Approximation Algorithms for Budgeted Learning Problems
Kamesh Munagala
Department of Computer Science
Duke University
Wednesday, May 9, 2007
4:30 - 5:30 PM
Terman Engineering Center, Room 453
Abstract:
We present the first approximation algorithms for a large class of
budgeted learning problems. One classic example is the budgeted
multi-armed bandit problem. In this problem each arm of the bandit
has an unknown reward distribution on which a prior is specified as
input. The knowledge about the underlying distribution can be refined
in an "exploration" phase by playing the arms and observing the
rewards. However, there is a budget on the total number of plays
allowed during exploration. After this exploration phase, the arm with
the highest (posterior) expected reward is chosen for "exploitation".

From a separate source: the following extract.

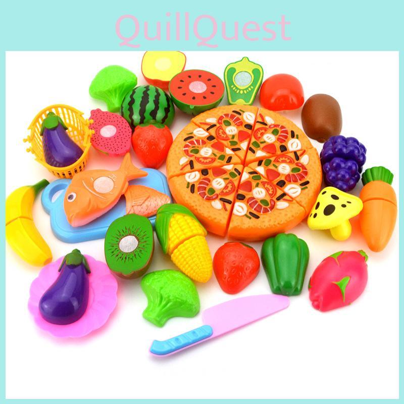 Colorful Kitchen Play Toy Set With Premium Quality Fruit And Vegetable Cutting Pieces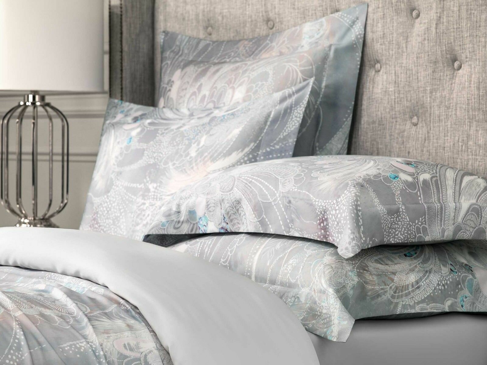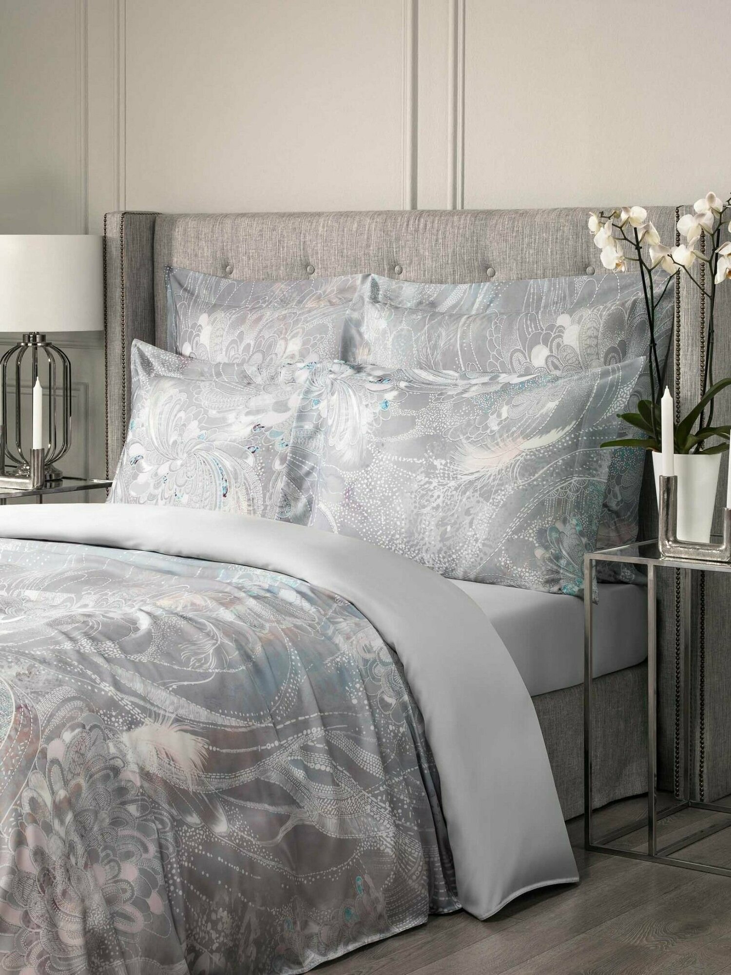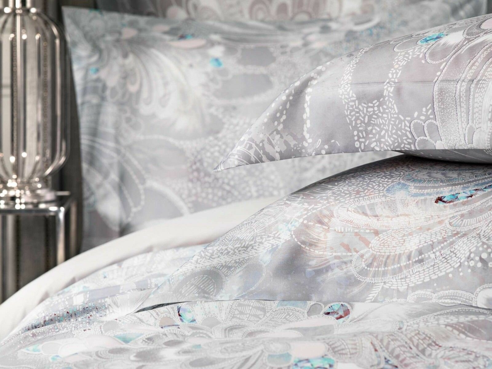 В комплекте Togas "Перла" нашла отражение палитра жемчужных оттенков - от сияющего радужного перламутра до редких тонов серебристого и розового жемчуга. Необычный рисунок этого постельного белья словно пришел из снов или грез. Красивое оперение загадочных птиц, необычные линии сказочных цветов, сияние граней драгоценных камней - все это будто бы перемешалось в туманной дымке сновидений. Постельное белье изготовлено из волокна, получаемого из австралийского эвкалипта. Этот материал сочетает в себе лучшие свойства льна, шелка и хлопка, при этом он долговечнее и практичнее. Постельное белье необычайно приятно на ощупь, очень мягкое и шелковистое.

The goal is to design the adaptive exploration phase subject to a
budget constraint on the number of plays, in order to maximize the
expected reward of the arm chosen for exploitation. This is one of the
simplest non-trivial examples of "active learning" or "design of
experiments".
While this problem is reasonably well understood in the infinite time
horizon setting, the budgeted version is NP-Hard. For this problem
and several of its generalizations, we provide approximate policies
that achieve reward within constant factor of the optimal reward.
Our algorithms use a novel linear program rounding technique based on
stochastic packing. In addition to providing theoretical guarantees,
the policies generated are very intuitive, and simple to implement.
Joint work with Sudipto Guha (University of Pennsylvania).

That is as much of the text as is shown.